St Lawrence State School is a government primary (Prep-6) school for boys and girls at 6 Macartney Street. In 2015, it had an enrolment of 10 students with 2 teachers (1 equivalent full-time). In 2018, the school had an enrolment of 9 students with 2 teachers (1 full-time equivalent) and 6 non-teaching staff (2 full-time equivalent). The school motto is 'Knowledge, Truth, Honesty'.

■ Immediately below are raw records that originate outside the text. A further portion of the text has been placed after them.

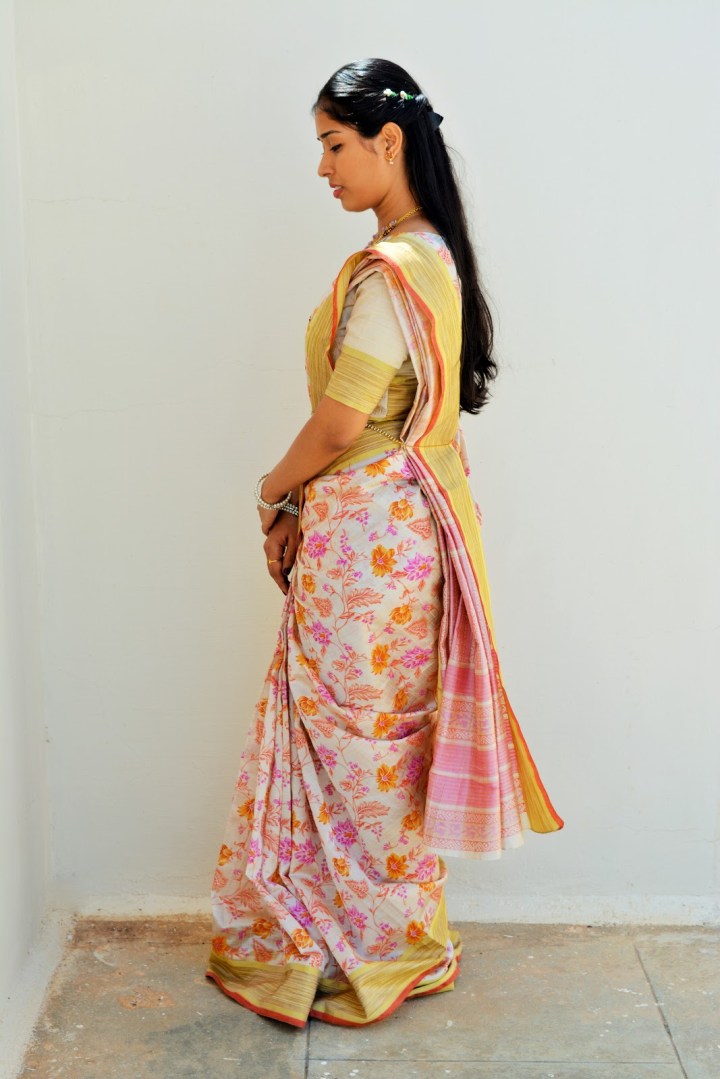This saree is very comfortable and elegant to wear plus the most important thing is that, it can be neatly pinned. I wore this during Ganesh Pooja.
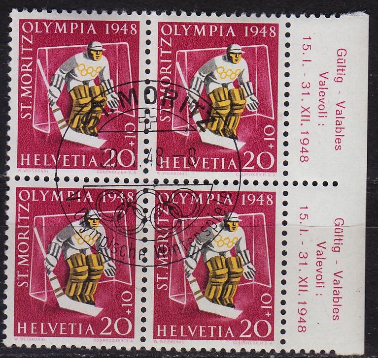 SCHWEIZ SWITZERLAND [1948] MiNr 0494 4er ( O/used ) [01] Tab Ersstag
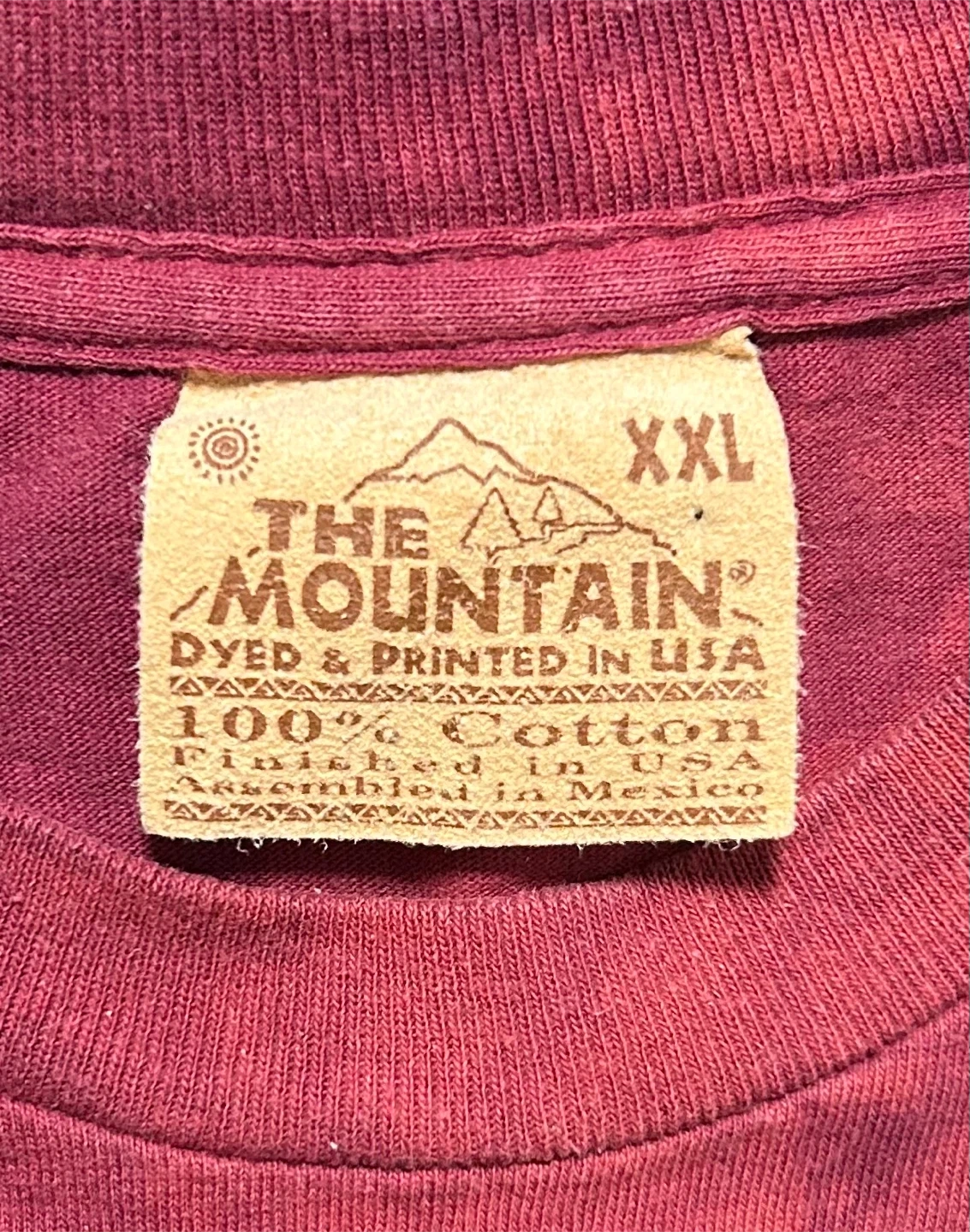 This is a size XXL t-shirt from The Mountain. It's made of 100% cotton and was dyed and printed in the USA. The shirt features a unique tie-dye pattern and a graphic print on the front. It's machine washable in cold water and can be tumble dried on medium.
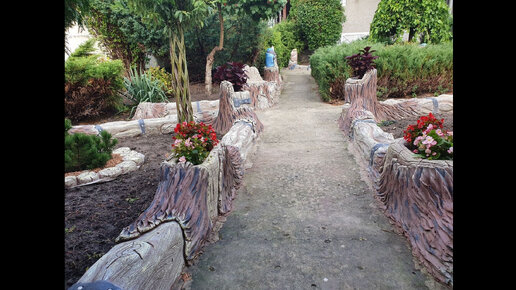 Бордюры во дворе. из пластмассовых ящиков. оформление усадьбы. мастер Александр г Киев
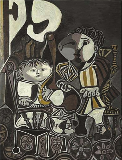 1946年以后都可稱為畢加索創作的田園時期,這一時期的藝術特點仍然以立體主義、現實主義和超現實主義手法相結合的非具象畫為主,手法運用更加靈活嫻熟。這件《兩個小孩》畫面中的人物一個坐姿,一個站姿,眼光直視畫外觀眾,臉部表現帶有明顯的立體主義風格,造型雖有夸張,但在畢加索的作品中并不算是最激烈的變形,筆觸運用也相對精致周到。畫面沒有強烈、跳躍的色彩對比,棕褐色的調子在視覺感受上統一和穩定,而畫面底部的一排圓輪,又使整體寧靜的氣氛中產生了運動感。畢加索一生創作作品數萬件,很多作品都是以其家人或情人為模特,風格也變化多樣。這件《兩個小孩》可以說是以其兒女為模特精心創作的代表作品,畫面的線條組織、色塊布局都有著事先的考量安排,而非在繪畫過程中偶發或即興的發揮,畢加索式隨意而奔放的筆觸在這幅畫中,也只能在局部放大的時候才能讓人感受到。
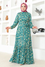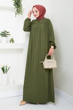 Önü Yarım Pat Düğmeli Elbise 2020BGS895 Haki
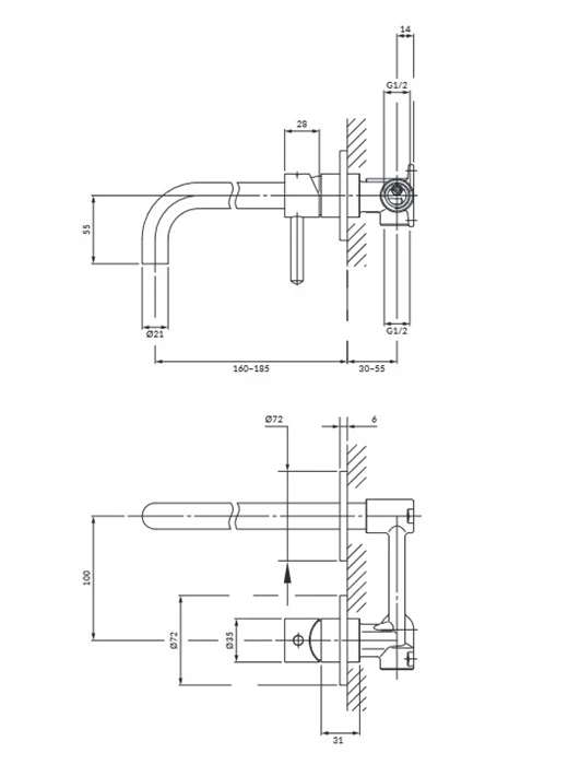 змішувач для умивальника прихованого монтажу Omnires Y brushed copper (Y1215HCPB)
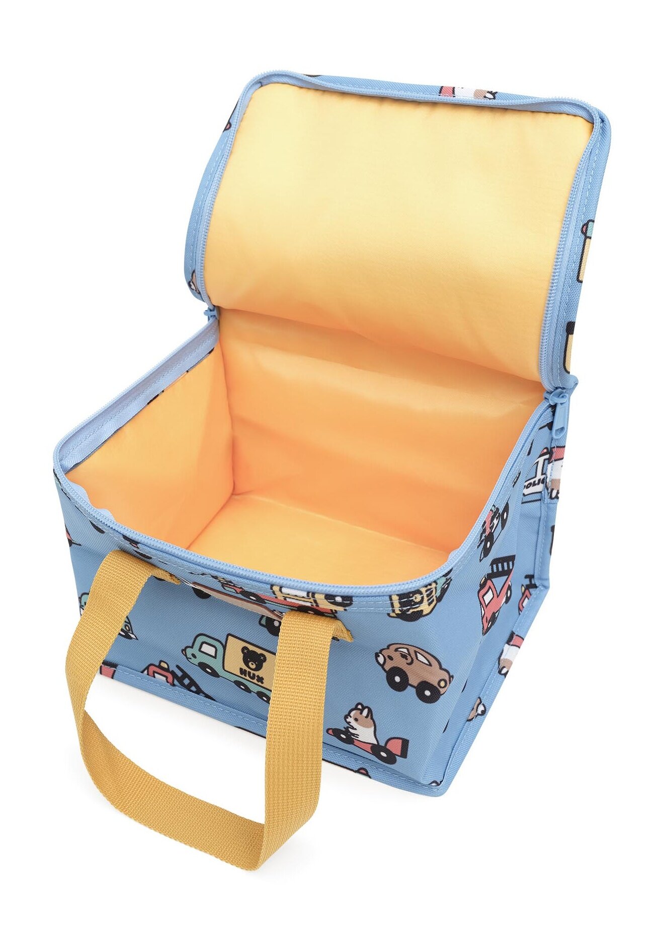 An insulated soft lunch box made for meals on-the-go designed by Huxbaby. This snack buddy has carry handles and twin zippers so hungry hands can grab and open with ease. The fridge-effect fabric keeps snacks, sandwiches and lunch foods yummy.
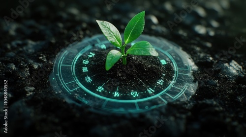 A small green plant sprouting from soil, surrounded by a glowing circular interface.
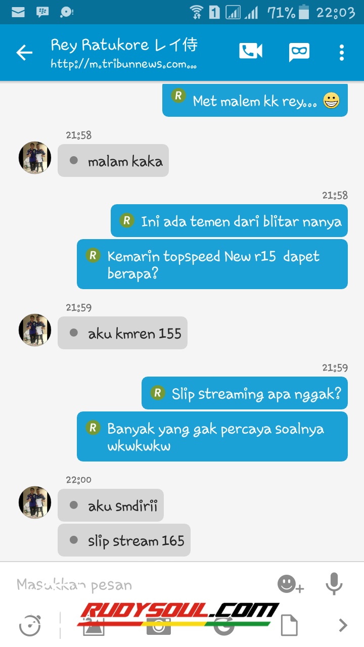 Sob,susah memang menghadapi para fansboy merk yang benar-benar kaku wataknya,dikasi informasi maunya minta lebih,seperti contoh diartikel sebelumbya yang rudysoul tulis soal top speed all new R15 oleh Rey Ratukore yang tembus 153km/j lebih,banyak yang enggak percaya,minta bukti video,suruh tes ulang dipakein kamera biar bisa ngerekam top speed..ya sudik tah…emange koe sopo hehehe.
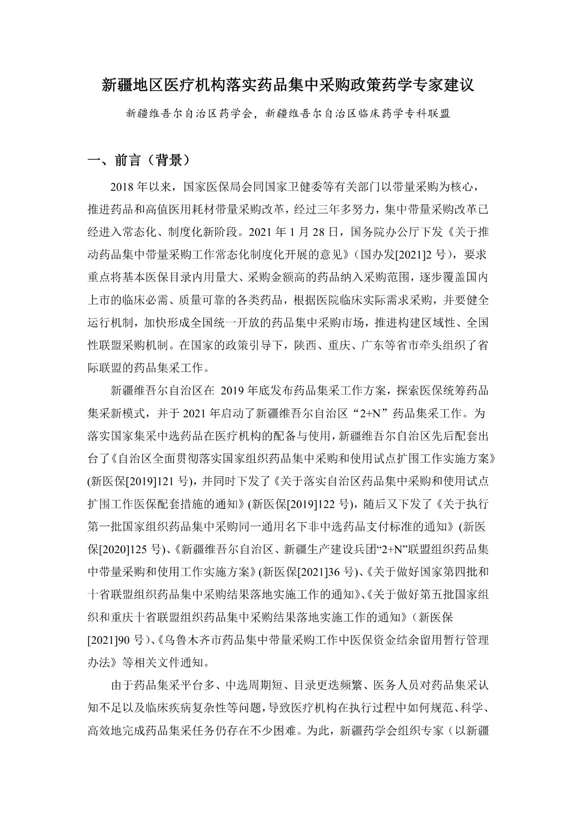 附件:《新疆地区医疗机构落实药品集中采购政策药学专家建议》.pdf
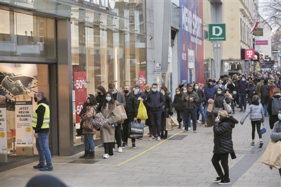 奥地利政府14日宣布,将从17日起升级全国“封锁”措施,以遏制新冠疫情。维也纳市民在措施升级前的周末扎堆来到商场购物,以避免措施升级可能造成的购物不便。
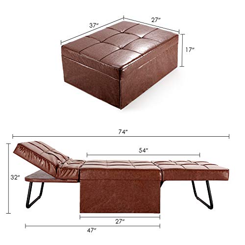 Vonanda Leather Ottoman Sleeper Chair Bed, Small Modern Couch Multi-Position Convertible with Selected Leather Fabrics and Unique Sturdy Frame for Small Space, Burgundy, Brown, Large
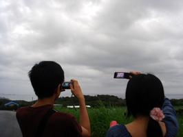 7月22日午前10時52分、皆既日食開始まであと6分。見えない太陽をバックに記念撮影 |
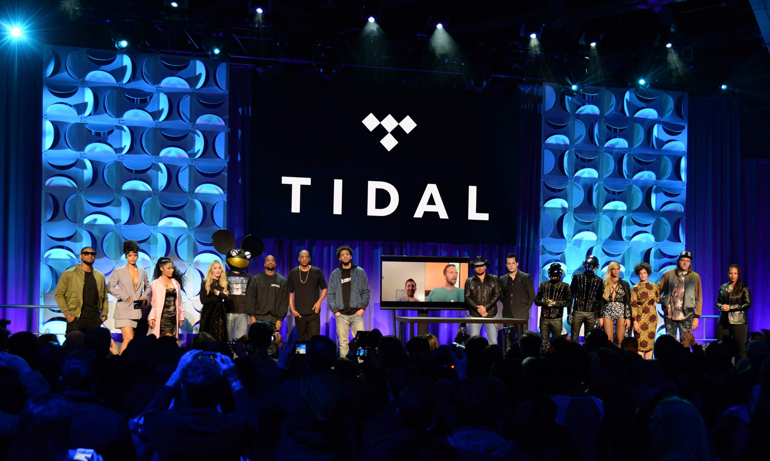 NEW YORK, NY – MARCH 30: Usher, Rihanna, Nicki Minaj, Madonna, Dead Mouse, Kanye West, Jay Z, Jason Aldean, Jack White, Daft Punk, Beyonce and Win Butler attend the Tidal launch event #TIDALforALL at Skylight at Moynihan Station on March 30, 2015 in New York City. (Photo by Kevin Mazur/Getty Images For Roc Nation)
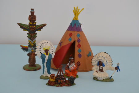 Comprises of Teepee, Totem pole, standing chief, squaw with baby, sitting chief and fire... fair to good condition
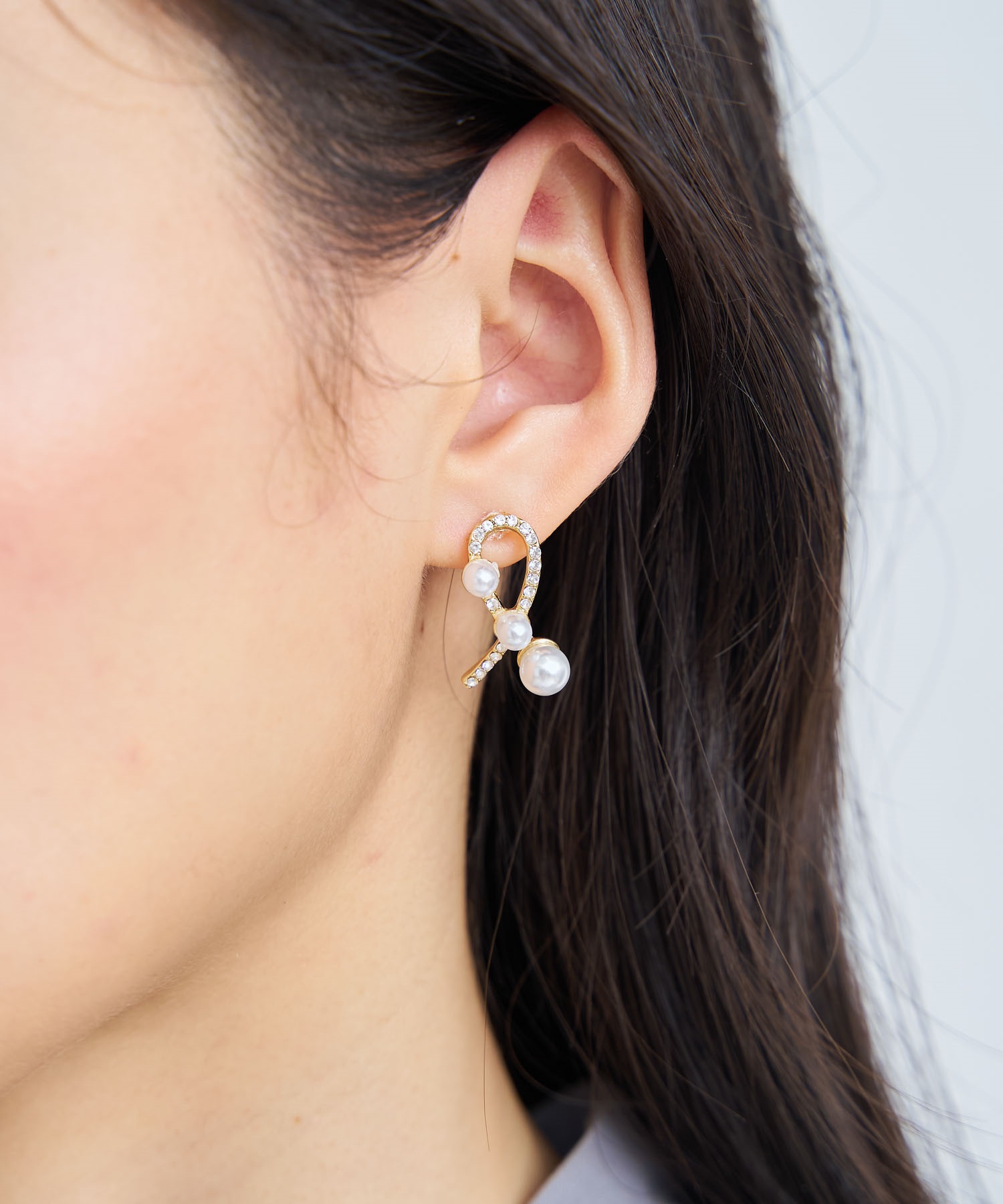 • ツイストデザインパールピアス(50ゴールド-フリー)

The original school was opened on 28 May 1871 but it was completely destroyed by a cyclone on 22 January 1874 and had to be rebuilt. A new school building was officially opened on 17 June 1938. The school was completely destroyed by fire on 30 October 2007. A mobile classroom was transported from Brisbane as the school's permanent replacement. A wishing well handcrafted by Jack Dempsey was installed at the site and dedicated in 2008 in remembrance of the previous school building.

St Lawrence State School celebrated its 150th anniversary in 2021.

There are no secondary schools in St Lawrence, nor nearby. Distance education and boarding school are the alernatives.

== Amenities ==
The Isaac Regional Council operates a public library at 22 Railway Parade.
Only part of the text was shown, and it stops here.